The Festools DOMINO - The "packages", what's in them and their "Introductory Prices")
Let's start with what you get for how much money and then get to the details.
The basic package will let you do 5 mm thick mortises. You can do side grain and end grain mortises but YOU'RE responsible for keeping the parts where you want them and you have to make your own "dominos". NEVER call the loose tenons "biscuits" - their similar but quite different grooves on the sides for glue squeeze out and they compress a little for a really nice snug fit. You CAN make your own "dominos" if you've got a planer. But a 5 mm thick tenon - that's 0.19 inches thick - pretty thin. OK for small boxes and picture frame sized stuff - but not too good for table apron to leg joints.

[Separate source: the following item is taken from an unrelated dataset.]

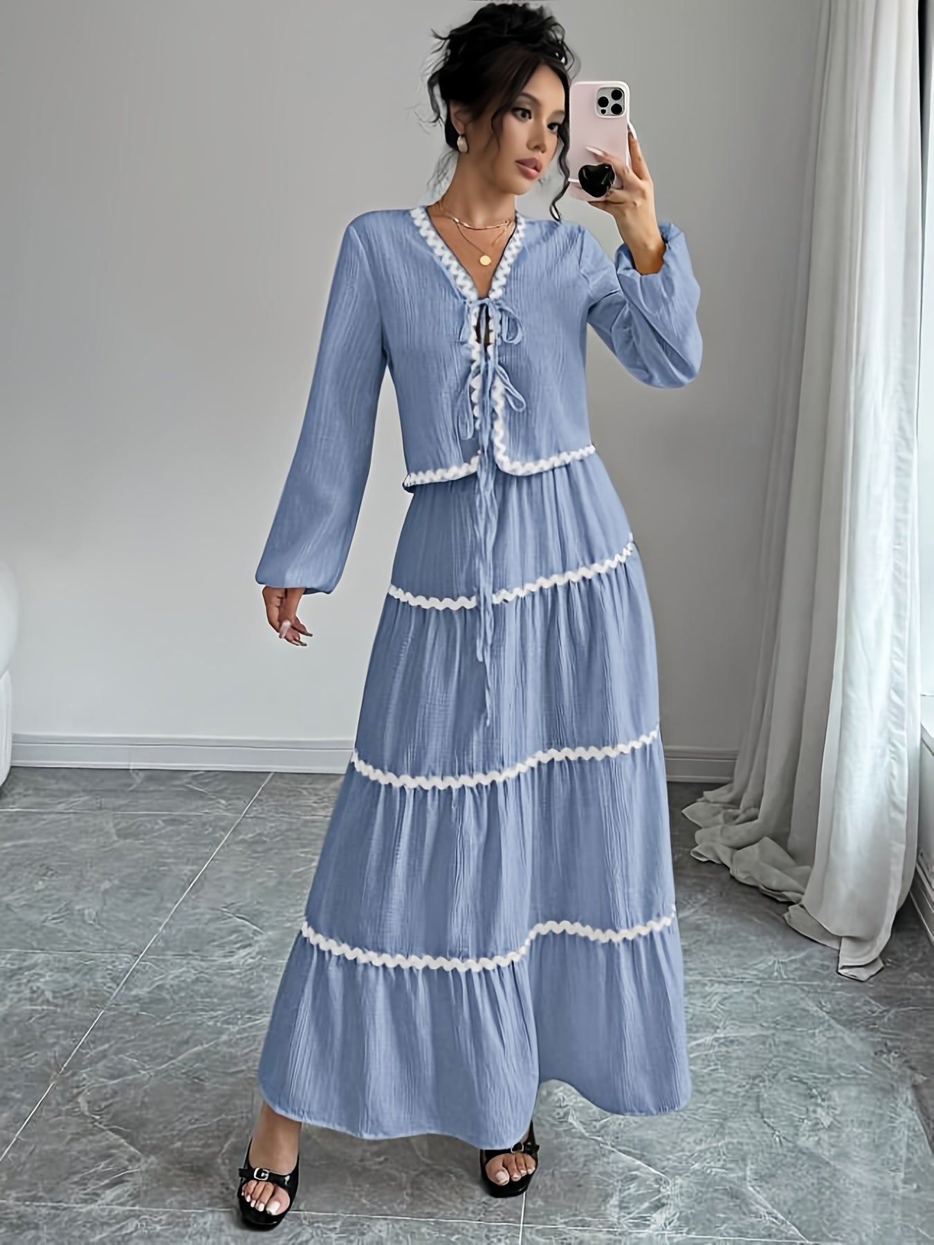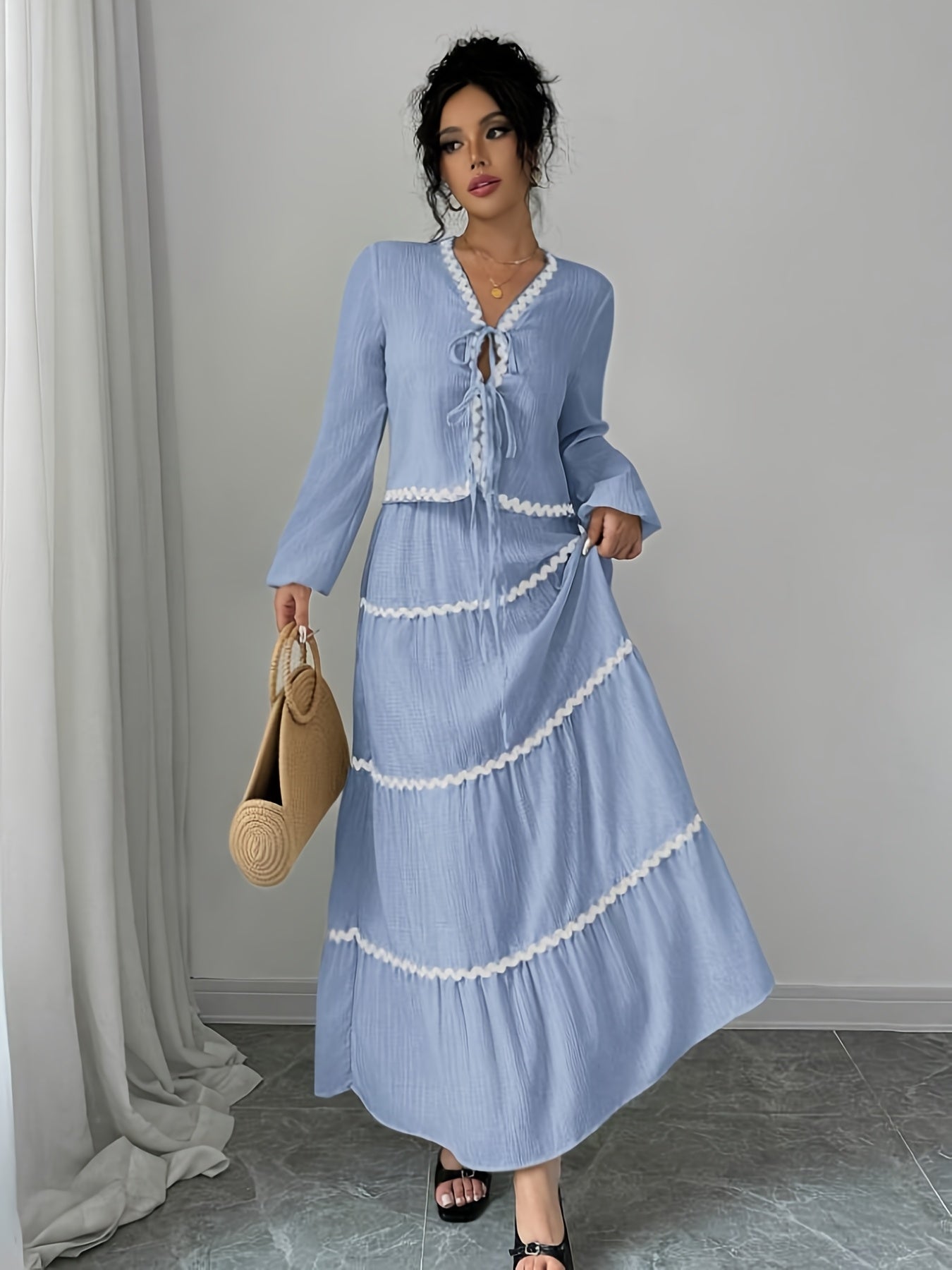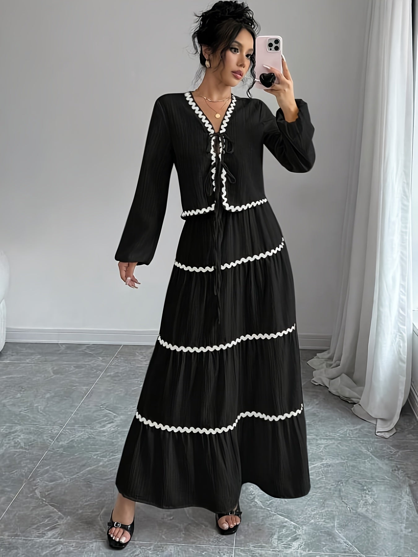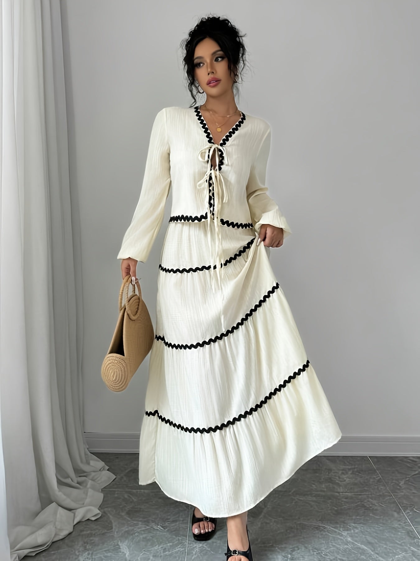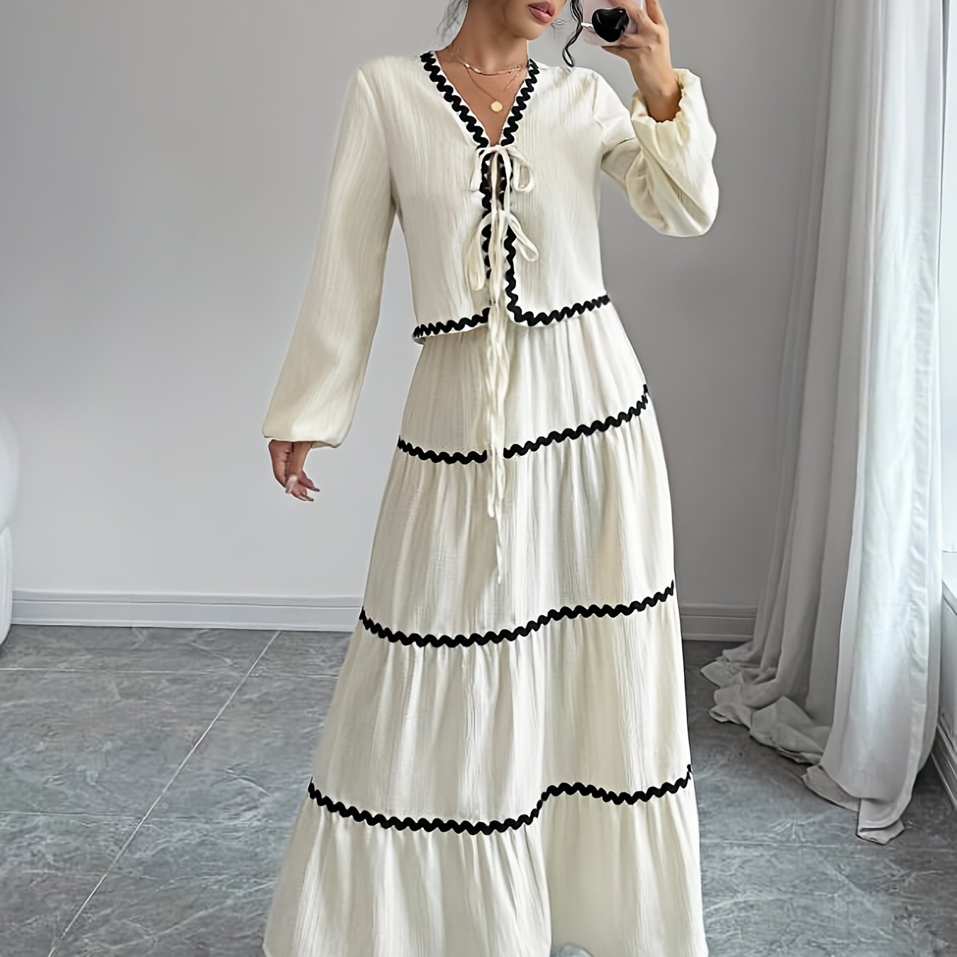Women'S New Arrival Black and White Ruffled Lace Trim Long Sleeve Shirt with Tie Waist Umbrella Skirt Set, Stylish Elegant Vacation Commute Daily Wear Date Party Two-Piece Outfit Suitable for All Seasons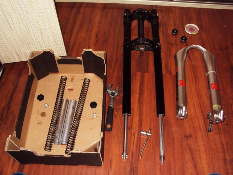 Mod Team mrmorty Napisano 25 Listopada 2013 Mod Team Napisano 25 Listopada 2013 W zasadzie to cały serwis zajmuje tyle czasu ile wypicie jednego piwa gdy w perspektywie są dwa kolejne - czyli bez większego delektowania się ale też bez pośpiechu W sieci jest sporo filmików ale i bez nich nawet laik sobie poradzi.Potrzebujemy klucz płaski 22 mm i klucz nasadowy 12 mm; naczynko na stary olej - dobrze się sprawdza pudełko po lodach 2L - wtedy można odkręcic i spuszczac olej z dwóch komór jednocześnie słoik na stary olej(słoik musi miec min 500 ml, oraz naczynko dzięki któremu dowiemy się ile to jest 245 - 250 ml. Na podłogę trochę starych gazet oraz trochę papieru toaletowego, tudzież ręczniki kuchenne do wycierania oleju.Przed serwisem należy starannie usunąc brud z okolic uszczelek kurzowych by po wyjęciu goleni nic nam do środka nie naleciało.Na początek odkręcamy zaślepki, wypuszczamy powietrze i odkręcamy korki. Najlepiej zajmowac się każdą golenią z osobna - nie zachlapiemy całego pomieszczenia. Po odkręceniu korka ukaże nam się tuleja - wyjmujemy ją, wycieramy jakąś szmatką i odkładamy do jakiegoś pudełka tudzież na gazetę. Przechylamy amor nad pojemniczkiem, wylewamy olej i łapiemy wysuwającą się sprężynę. Podobnie robimy z drugą golenią. Odstawiamy amor do góry nogami nad pojemniczkiem i albo otwieramy sobie piwo, albo robimy herbatę.10 min na spłynięcie oleju myślę że wystarczy Dalej bierzemy się za dolne śrubki. Potrzebujemy końcówki 12 mm najlepiej w miarę cienkościennej. Jeśli śrubki odkręciły się tylko częściowo a później kręcą się razem z tłumikiem to w żadnym wypadku nie wolno próbowac ich podważac - śrubki mają rowki z oringami uszczelniającymi układ i można uszkodzic oringi. W takim wypadku składamy cały układ czyli wkładamy sprężyny, tulejki i wkręcamy korki i wtedy to powinno pójśc. Jeśli nie, to pompujemy do układu trochę powietrza.Po wykręceniu śrubek i oddzieleniu goleni czekamy aż resztki oleju spłyną z dolnych lag.Nie wiem jak zamienniki, ale oryginalne uszczelki charakteryzują się dośc długim okresem eksploatacji. Oryginalne uszczelki zmieniłem dopiero w ubiegłym sezonie (sic!)Jeśli amor mocno się pocił to warto zmienic mu uszczelki, jeśli w trakcie pracy amor zostawia delikatny film olejowy na goleniach to bez paniki - jest to przeca otwarta kąpiel olejowa i taki układ już tak ma. Uszczelki przy montowaniu zazwyczaj smaruję smarem uzyskanym dzięki zmieszaniu wazeliny technicznej i odrobiny oleju do amortyzatorów.W sieci są różne informacje co do gęstości oleju. Ja mając w perspektywie jazdę w zimniejsze dni zalałem go olejem Repsol 5W który ma współczynnik lepkości zbliżony do Motorexa 7,5W. Wg producenta potrzebujemy po 245 - 255 ml na każdą goleń.Po złożeniu dopijamy herbatę a następnego dnia z bananem na ustach cieszymy się płynnym skokiem jakie dają nam sprężyny stalowe.Na koniec dodam jeszcze, że przez jakiś czas amor będzie wyrzucał nadmiar smaru którym potraktowaliśmy uszczelki wewnątrz - nie jest to nic strasznego - normalny proces(dla niewtajemniczonych - jest to moja odpowiedź na pytania typu - kurcze nasmarowałem, złożyłem a teraz golenie są ciągle tłuste) Cytuj

With these two "accessories" you get a lot more control of the stock and the location of the mortise. More on them later
This rounds out the whole package - a spare 5 mm bit and the other three the DOMINO can use. With this last addition you can get the machine, come home and start cutting mortises and begin assembling any loose tenon mortise and tenoned piece immediately - with the ease of biscuit joining but the advantages and strength of mortise and tenon joints. If you do Stickley or Greene & Greene or other Arts and Crafts pieces with tons of mortise and tenon joints this is the answer to a dream. If you do chairs this will make some tricky joints a LOT easier to do.
Sticker Shock? Let's put the price tag in a context.
There are many ways to cut mortises - neander them with mallet and chisel, hollow chisel and bit mortising machines in the $250 to $900 range, router jigs from $275 for the TREND M&T Jig to the $800 to pushing $1000 for the Leigh FMT jig - PLUS a router and bits, and the $2,700 "plus" MultiRouter. With that perspective, the DOMINO's $920 "introductory price" isn't really a heart stopper. Might make your heart skip a beat or two though.
"But it looks like a biscuit joiner I can get for about $200. Why is this thing so pricey?"
Well, this definitely ain't no biscuit joiner. At 7 pounds it doesn't FEEL like a biscuit jointer. 400 (or maybeit's 440) watts comes out to over a half a horse power. And as you go over the features it's clear that it ain't a biscuit joiner, or if it is, then it's one on a LOT OF STEROIDS - with some very slick features.